To observe the effect of oxaliplatin on the function of voltage-dependent Na+ currents, a depolarization step from − 60 to + 50 mV at 10 mV increments with a duration of 150 ms was injected in acutely dissociated A- and C-fiber DRG neurons (Figure 2a,d and Figure 2b,e, respectively). Representative images of changes in inward Na+ currents before (control) and after (oxaliplatin) treatment with oxaliplatin 100 μL in A- and C-fibers are shown (Figure 2a and Figure 2b, respectively). The peak current–voltage (I–V) curves are shown in Figure 2d,e. An artificial external recording solution was used as a control. Oxaliplatin treatment (100 μM) affected the inward Na+ currents in A-fibers but not in C-fiber neurons. Inward Na+ currents were observed at −30 mV in oxaliplatin-treated cells, whereas the 10 μM-treated cells did not show a significant change. When the step voltage was increased to −20 mV, both 10 and 100 μM showed significant differences compared to the control group (*** p < 0.001). These results show that oxaliplatin shifted the voltage-dependence of sodium conductance toward negative membrane potentials in A-fiber neurons. This effect of oxaliplatin could not be reversed even at prolonged washout times, as reported in another study [33]. In contrast to A-fiber sensory neurons, the function of the voltage-dependent sodium channel in C-fiber neurons remained unaffected after 100 μM of oxaliplatin at all voltages. To identify the type of neurons, the size of neurons and response to capsaicin application have been observed after each experiment. Capsaicin, the pungent component of chili pepper, is known to induce dose-dependent inward Na+ currents after its application [34], and 1 μM of capsaicin was selected as C-fiber neurons showed the highest response rate. Representative traces of C-fiber neuron responding to 1 μM of capsaicin treatment are shown in Figure 2c.

Figure 2.

Figure 2

Effect of oxaliplatin on A- (a,d) and C- (b,e) fiber voltage-gated Na+ currents. Traces of inward Na+ currents recorded during depolarizing voltage steps from −60 to +50 mV at 10 mV increments with duration of 150 ms, before (control) and after the addition of either 10 or 100 µM of oxaliplatin to the external solution. Capsaicin (CAP, 1 μM) was used to identify A- and C-fiber neurons (c). Figure 2d: Control (external solution); n = 11, Oxaliplatin 100 μM; n = 11, Oxaliplatin 10 μM; n = 4. Figure 2e: Control (external solution); n = 5, Oxaliplatin 100 μM; n = 5. * p < 0.05, *** p < 0.001, vs. Control with two-way analysis of variance followed by Sidak’s post-test for multiple comparisons.

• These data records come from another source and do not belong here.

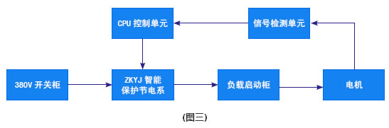 由圖三所示,在低壓380V開關(guān)柜與負載(風機、水泵、空壓機、及電機拖動類)啟動柜之間串接智能保護節(jié)電系統(tǒng),系統(tǒng)在電機的使用上,它能自動跟蹤檢測電機運行中的負載變化,將檢測信號反饋給控制中心,經(jīng)過中央處理,運算放大后給出指令信號,以此來改變有功電量的輸出,使電機在最經(jīng)濟的電耗下運行,達到節(jié)電的目的。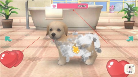 3、每次你展开互动,屏幕上便会呈现出详细的进度条。随着互动完成度逐步提升,狗狗的心情愈发愉悦,掉落的爱心图标更是你们友谊升温的直观展现。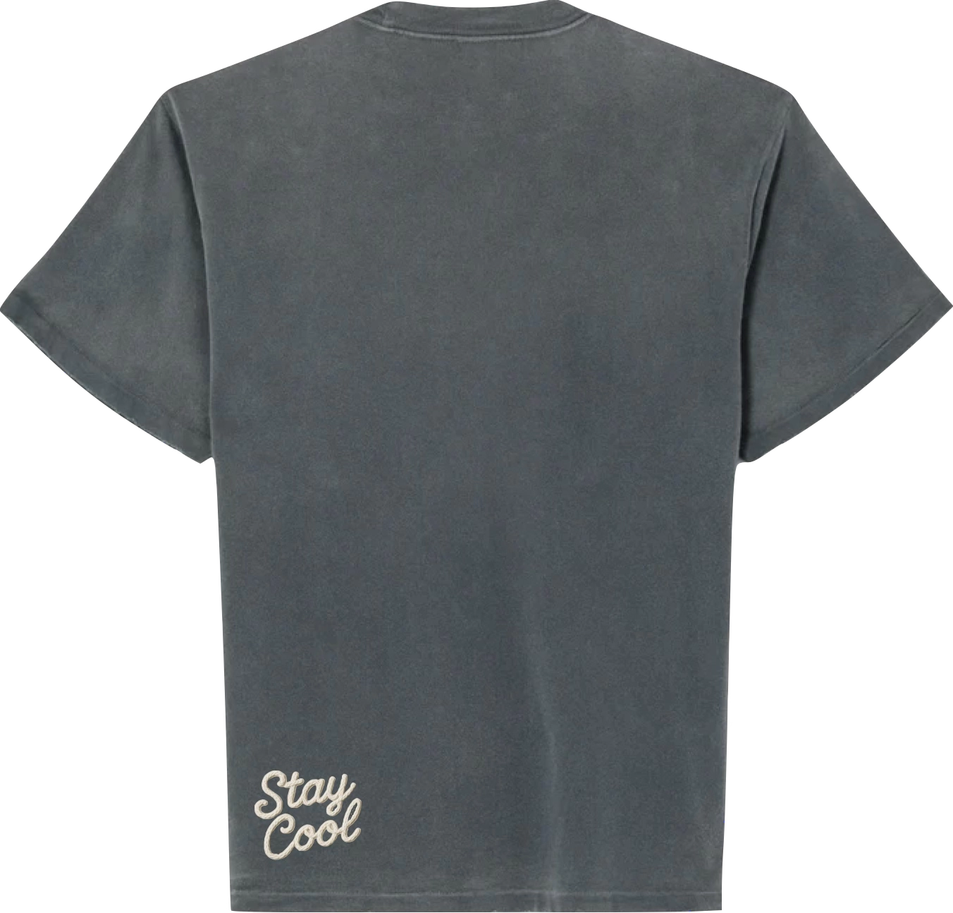 The charcoal sun-fade wash mirrors the exact moment the desert shifts from color to shadow. The chain-stitched "Dry Heat" and "Stay Cool" embroidery on the chest and back hem are a quiet nod to the humor and necessity of surviving desert climates: the reminder that even in the harshest places, there is room for play, style, and self-expression. The threadwork is raised, tactile, and created to age like stone — softening along the edges, settling into the cotton with time.

2.3. Oxaliplatin Lowers the Current Threshold for Action Potential Generation in A-Fiber DRG Neurons

As we have observed, oxaliplatin could modulate the inward Na+ currents in the previous experiments. Consequently, the current patch-clamp recording method was used to assess the effect of oxaliplatin on the excitability of A-fiber neurons. Step currents of 10 pA increments for 30 ms were injected to induce action potentials in A-fiber DRG neurons (Figure 3). The results show that the resting membrane potential did not change following oxaliplatin treatment, whereas the threshold for action potential initiation (−28.45 ± 2.44 mV (control) vs. −35.78 ± 2.03 mV (oxaliplatin); p < 0.05) and the amount of current needed to generate an action potential (115 ± 7.63 pA (control) vs. 74.28 ± 12.12 pA (oxaliplatin); p < 0.05) significantly decreased. Representative action potential traces recorded from A-fiber neurons before and after oxaliplatin treatment are shown in Figure 3d,e. Before the administration of oxaliplatin, DRG neurons showed subthreshold responses to 60–100 pA, and an action potential was generated after 110 pA injection (current threshold for this neuron). However, after oxaliplatin application, 60–100 pA current injection evoked an action potential (Figure 3e).

Figure 3.

Figure 3

Effect of oxaliplatin on the resting membrane potential and action potential generation in A-fiber DRG neurons. In current patch-clamp analysis, the resting membrane potential was recorded. Action potentials were evoked using depolarizing step current injections of 10 pA from a set holding membrane potential of −60 mV. Resting membrane potential (a) and action potential threshold (b) in A-fiber DRG neurons before (pre-injection) and after (post-injection) the treatment of external solution or oxaliplatin (100 μM). Averaged current threshold for all cells tested (c). Representative traces of action potential generation after current injection before (d) and after oxaliplatin administration (e). Control (external solution): n = 6–7, oxaliplatin (100 μM): n = 7. ns: Not significant, * p < 0.05 vs. Control with two-way analysis of variance followed by Sidak’s post-test for multiple comparisons.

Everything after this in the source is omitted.